Read more: CyrusOne Q3 Earnings – Trick or Treat?
However, during the Q3 2016 earnings release, CyrusOne’s announcement of a CFO change caught analysts and investors by surprise. Wojtaszek summed it up succinctly, "These things are never good…" answering a question on the earnings call regarding the sudden CFO transition. However, he immediately clarified his comment, pointing out that "Greg [Andrews] has done a masterful job here…" Notably, there was already a succession plan in place. Industry veteran Diane M. Morefield had already been tapped to assume the CFO role, and she came aboard in mid-November.
Investor Takeaway
During the past week, for the first time since the election -- despite the 10-year US Treasury interest rate continuing to rise -- data center REITs are once again being viewed positively by Wall Street investors.
The tailwinds driving the data center narrative have not changed. The secular drivers of cloud computing, streaming media, wireless data and the rise of the Internet of Things will continue to drive demand for both wholesale and retail data center leasing. The favorable supply and demand fundamentals on ground in most markets have not changed either.

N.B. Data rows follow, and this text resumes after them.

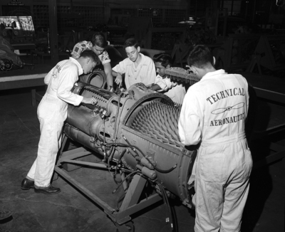 Five Technical High School students who are majoring in aircraft mechanics learn about jet engine construction from a cutaway instructional model. Clockwise around the engine are Mardis Fabor (in coveralls, back to camera) Phillip Haught, Richard Pruitt, Paul Mallon and George Gomez. Published in Fort Worth Star-Telegram morning edition, October 15, 1950.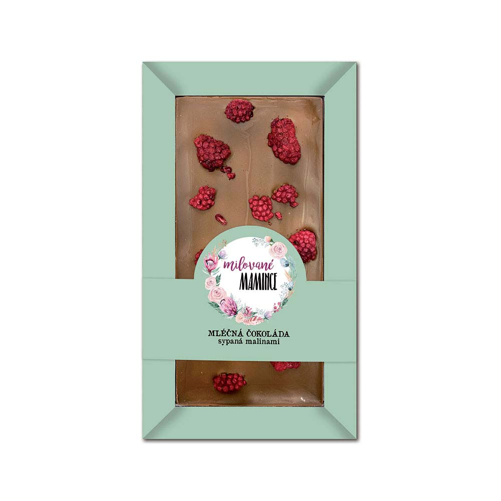 Dárková sypaná mléčná čokoláda 80 g s malinami – milované mamince
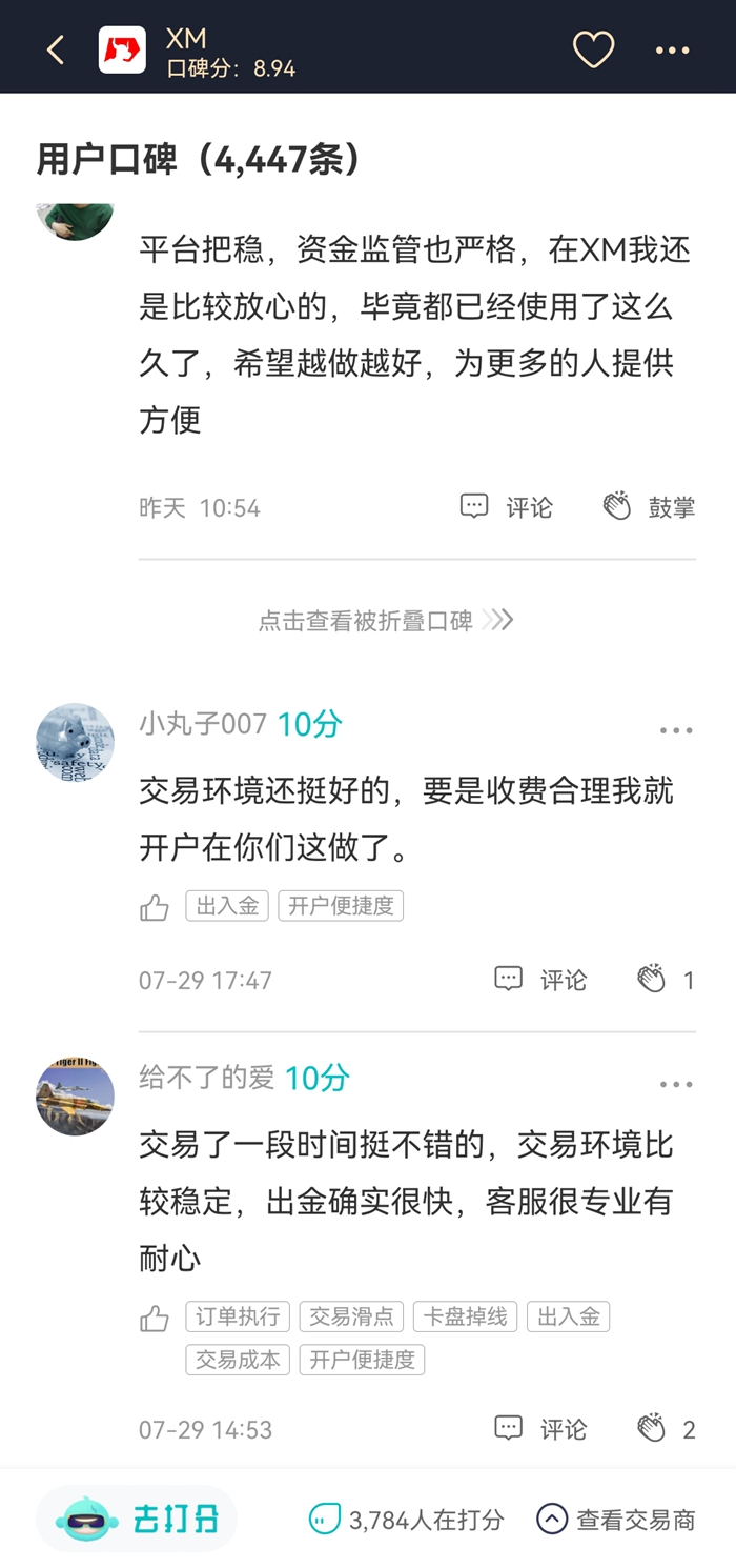 XM是一个老牌交易商了,在国内拥有坚定的用户基础。在天网查,XM目前有4447条口碑,非常难得的是,口碑这么多,口碑分居然还有8.94这么高。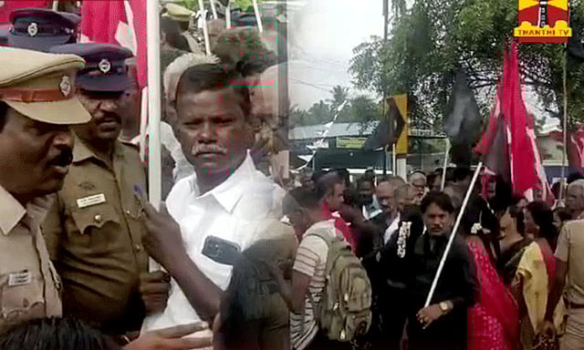இதில் போலீசாருக்கும், கம்யூனிஸ்டு கட்சியினருக்கும் இடையே மோதல் மற்றும் தள்ளுமுள்ளு உருவானது. இந்த போராட்டத்தில் ஈடுபட்ட பெண்கள் உள்பட 130 பேரை கைது செய்த போலீசார் அவர்களை 3 பேருந்துகளில் ஏற்றி அழைத்து சென்று அதே பகுதியில் உள்ள தனியார் மண்டபத்தில் அடைத்தனர். அதன்பின்னர் கவர்னர் அந்த பகுதியை கடந்து பல்கலைக்கழகத்திற்கு சென்று பட்டமளிப்பு விழாவில் கலந்துகொண்டார்.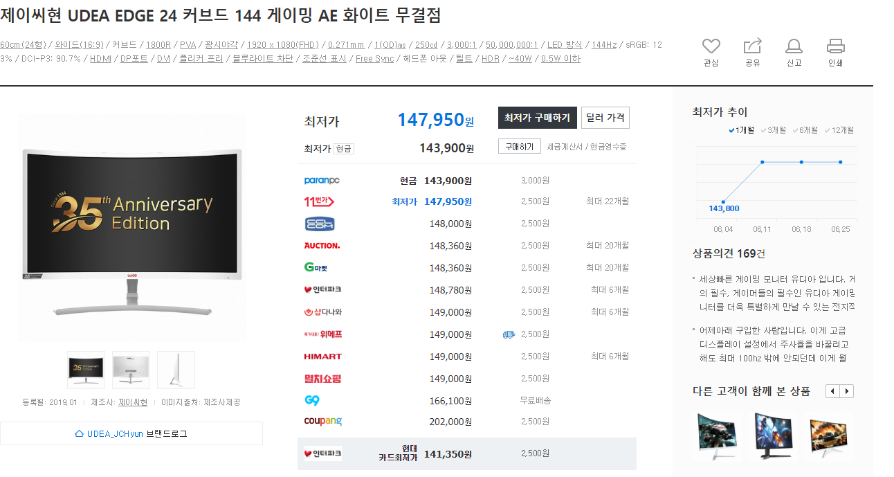 | 24인치 가성비 게이밍 모니터 추천 (제이씨현 UDEA EDGE 24 커브드 144 게이밍 AE 화이트 무결점) (0) | 2019.06.26 |
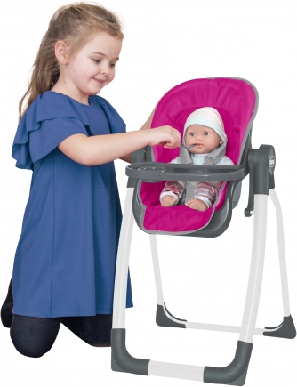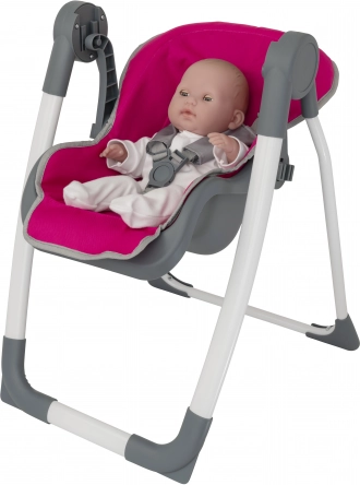 Chicco stolica za lutke 3u1 je multifunkcionalan dodatak koji služi kao ljuljačka, autosjedalica i klasična stolica za lutke do veličine 43 cm.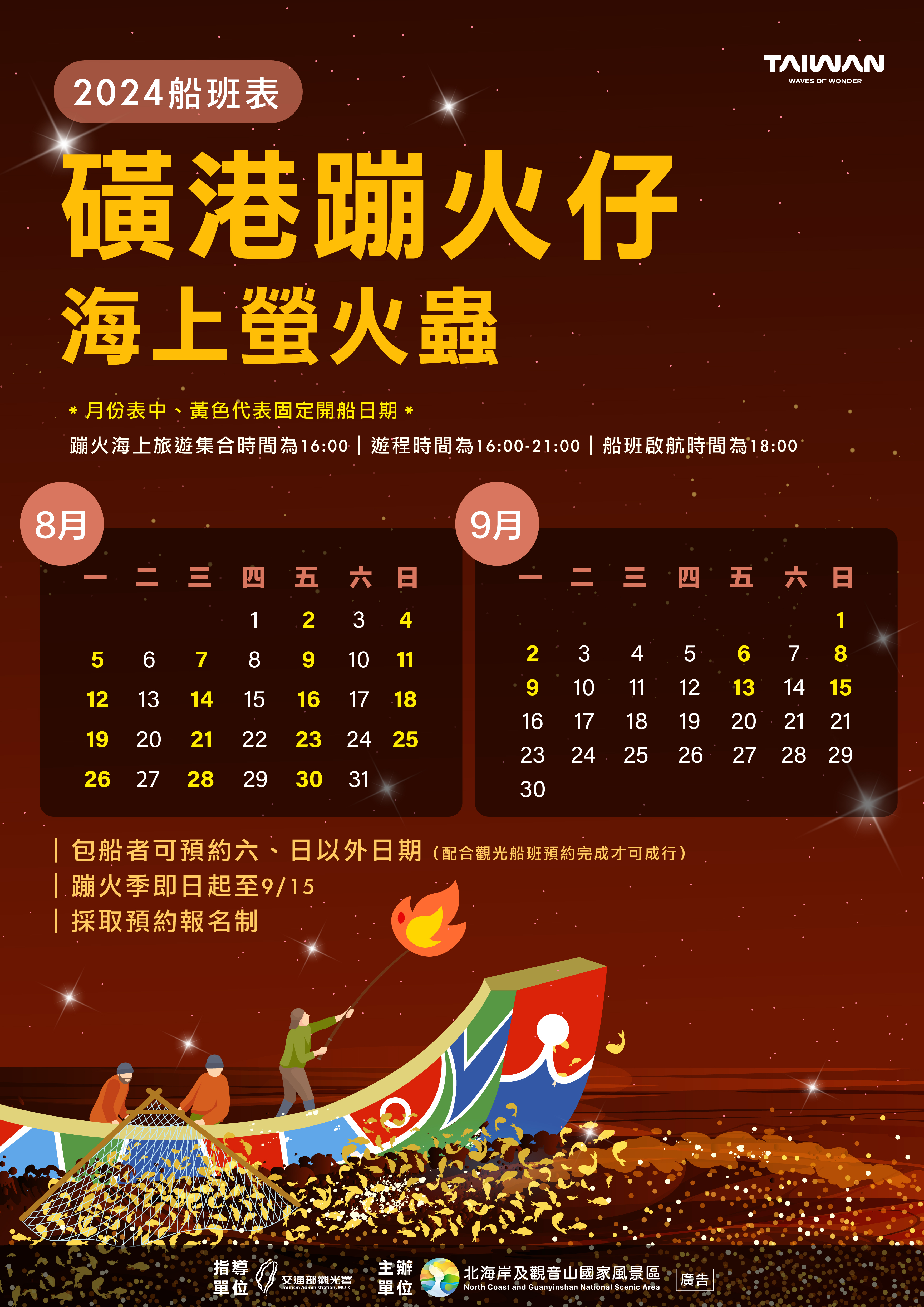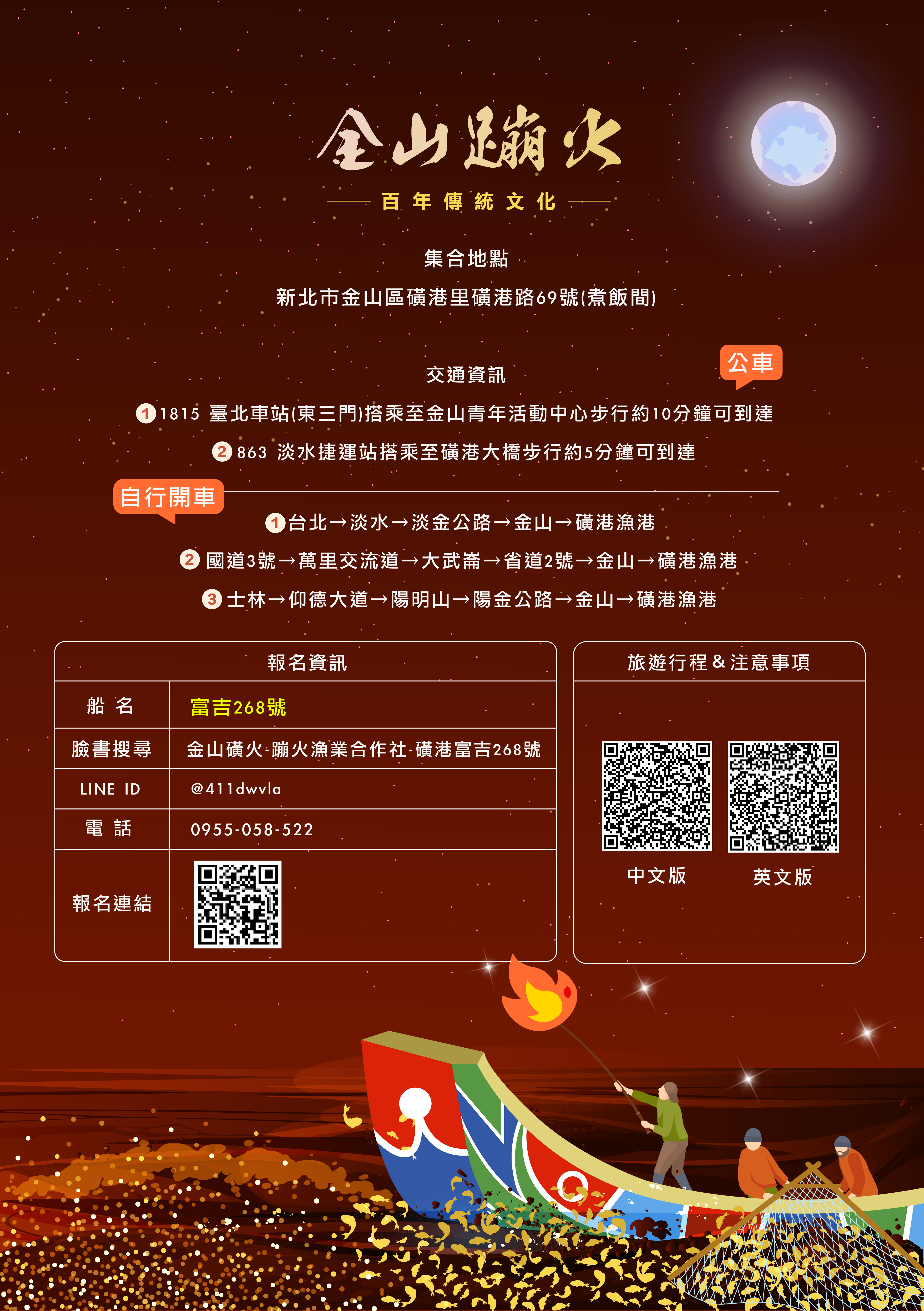 北觀處今年也透過「富吉268號」與新成員「鴻昌168號」推出定時可預約的精彩豐富蹦火主題海陸行程,讓民眾不但能近距離欣賞北海岸夏夜最璀璨的漁火,還能探訪磺港漁村,同時遊覽魚路古道、蹦火體驗DIY,讓這即將失傳的漁業文化,透過有趣多元的蹦火主題行程,能夠讓更多旅客了解及認識在地特色產業文化,來趟深度的體驗旅遊。

In a rising interest rate environment, the ability for data center REITs to deploy new capital at mid-teen ROIC and deliver consistent FFO/AFFO per share growth, will continue to attract investors seeking dividend income and growth at a reasonable price.
CyrusOne shares have gained back ~16.75 percent during the past month, but they are still trading about 18 percent off of the highs for the year. Investors are adjusting to the latest new normal -- a Trump administration and rising interest rates -- while still dealing with uncertainty regarding how long the cloud land grab will last.